The high effectiveness of X-rays as compared to alpha particles in inducing damage foci was also reported by others [22], and by us in an earlier investigation, where we analysed 53BP1-GFP foci in fixed U2OS cells [24]. In that earlier investigation, we found that mixed beams induced the same average frequency of foci as X-rays, and we interpreted this finding as evidence for a synergistic action of alpha particles and X-rays. In the present investigation of live cells, we observed a lower than expected frequency of foci in cells exposed to mixed beams, which is most probably due to a different microscopic setup. While in the earlier investigation we analysed fixed cell nuclei and detected foci in the entire nucleus, the present live cell investigation was based on repetitive images of foci at a single focal plane. The repeated light exposures resulted in a 25% signal loss over the 75 min recording interval. Furthermore, live cells were analysed at a single, fixed optical plane, so foci lying above or below the plane were missed. In contrast, the previous analysis of fixed cells [24] permitted a more complete scoring of focus numbers, because fixed cells are flattened during the fixation process. Indeed, for all radiation types, focus frequencies in live cells observed at a fixed optical plane were distinctly lower than the corresponding frequencies observed in fixed cells [24]. Therefore, it appears that the focus frequencies analysed in live cells at a single optical plane cannot be directly compared to the numbers obtained in fixed cells.

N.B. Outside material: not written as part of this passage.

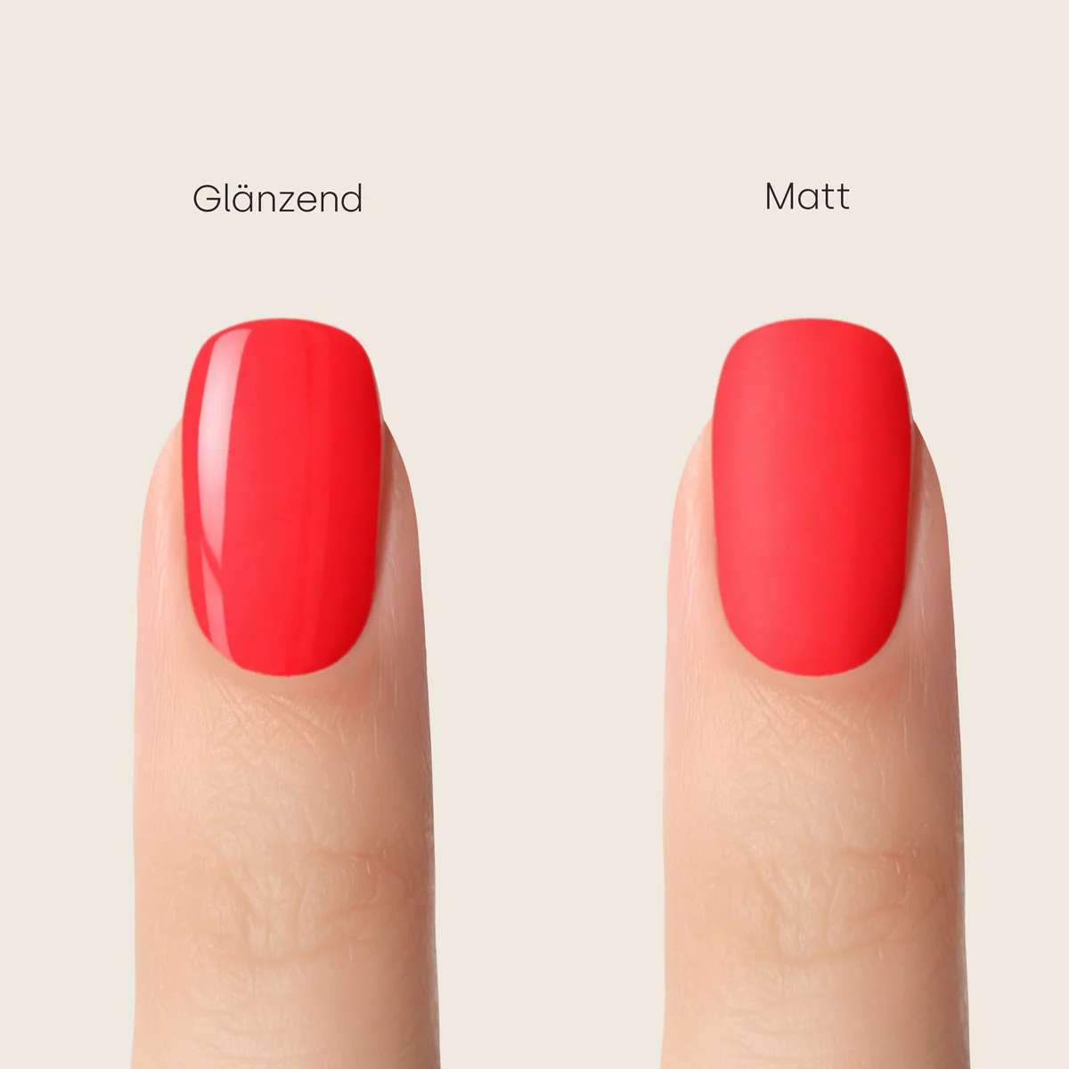 Coral Red’s glatte og cremede konsistens sikrer en jævn påføring som almindelig neglelak, men med UV-Lakkens holdbarhed og styrke. For optimal glans og beskyttelse anbefales det altid at anvende en basecoat og afslutte med en topcoat.
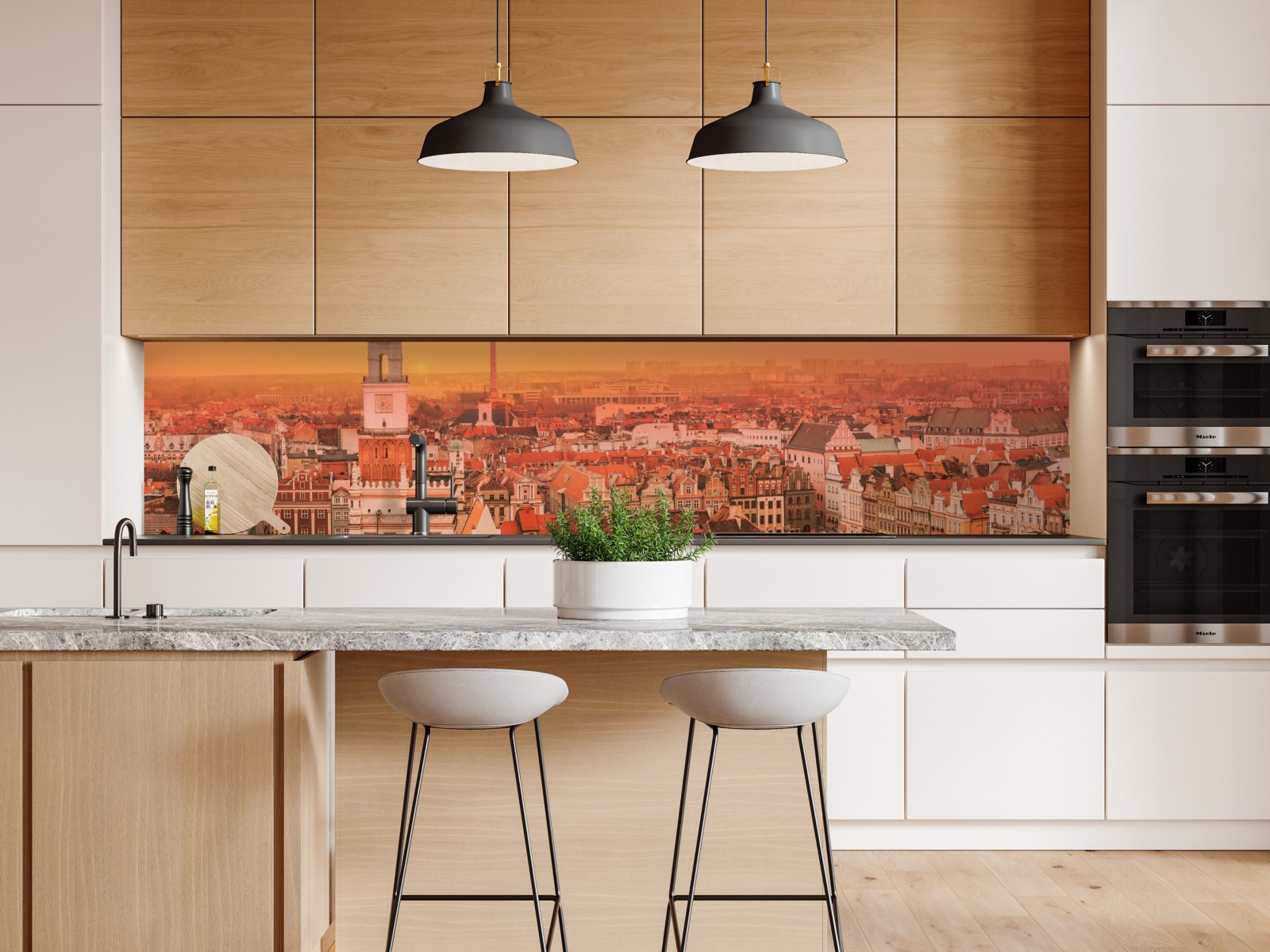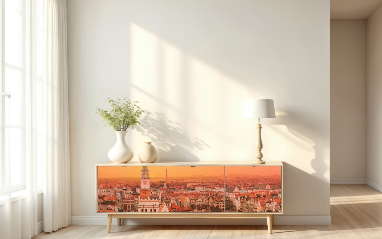 Warmer Panoramablick auf historische Stadtdächer bei Sonnenuntergang, perfekt um Innenräume mit Vintage-Charme zu bereichern.

Another intriguing result is that mixed beams induced particularly many low intensity foci which are believed to represent simple DSBs [22]. Here, a remarkable observation is the apparent lack of focus decay both in cells exposed to alpha particles and mixed beams during the first 75 min of observation relative to X-rays. High LET radiation induces many complex DSBs, and these are repaired slowly [43]. By contrast, X-ray-induced foci showed a fast increase and decline, and it is believed that X-ray-induced foci contain simple DSBs which are repaired quickly [22]. Hence, the lack of focus decay reported here in cells exposed to alpha particles is not surprising. However, despite the fact that the mixed beam consisted to 50% of X-rays, no decay of foci was detected during the 75 min of observation. The frequency of foci induced by mixed beams was higher than that of alpha particles, which obviously must be due to the action of low LET X-rays scattered inside the nuclear volume. But why were there no foci that showed a fast decay indicative of fast DNA repair, which is typical for X-rays? A possible explanation could be the migration of X-ray induced DSBs to sites of repair of alpha particle-induced clustered DSBs.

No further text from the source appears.